Well I called Ravenna Marine today just to see what all they dealt in. The salesman was very helpful but the $1700.00 price tag on a Crestliner 1436 just seemed a little excessive. Having never bought a brand new boat before I wasn't sure if there is room to haggle like when buying a car or truck or if the price is the price. Now granted with it only being $1700.00 I know there's not much room for negotiation but that seemed a little steep for being only a 14 foot Jon. I question if a dealer might try to railroad me seeing as I'm pretty young and they might think I have loose pockets. Any input? Also we discussed outboards. I've been looking pretty closely at the Suzuki DT15's but they really tried to talk up Merc out there at Ravenna.

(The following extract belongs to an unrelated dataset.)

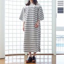 PASSIONE (パシオーネ) 異素材切替 パフスリーブ キーネック コットンロング ワンピース 226105 |

My only issue is anything under 40hp is made by Thoratsu over seas ( they tried to play it off like it was made at Merc main plant till I brought this up) and I've heard quit a few negative on these motors.


----------



## gobrowntruck21

SaugerHunter91 said:


> Well I called Ravenna Marine today just to see what all they dealt in. The salesman was very helpful but the $1700.00 price tag on a Crestliner 1436 just seemed a little excessive. Having never bought a brand new boat before I wasn't sure if there is room to haggle like when buying a car or truck or if the price is the price. Now granted with it only being $1700.00 I know there's not much room for negotiation but that seemed a little steep for being only a 14 foot Jon. I question if a dealer might try to railroad me seeing as I'm pretty young and they might think I have loose pockets. Any input? Also we discussed outboards. I've been looking pretty closely at the Suzuki DT15's but they really tried to talk up Merc out there at Ravenna. My only issue is anything under 40hp is made by Thoratsu over seas ( they tried to play it off like it was made at Merc main plant till I brought this up) and I've heard quit a few negative on these motors.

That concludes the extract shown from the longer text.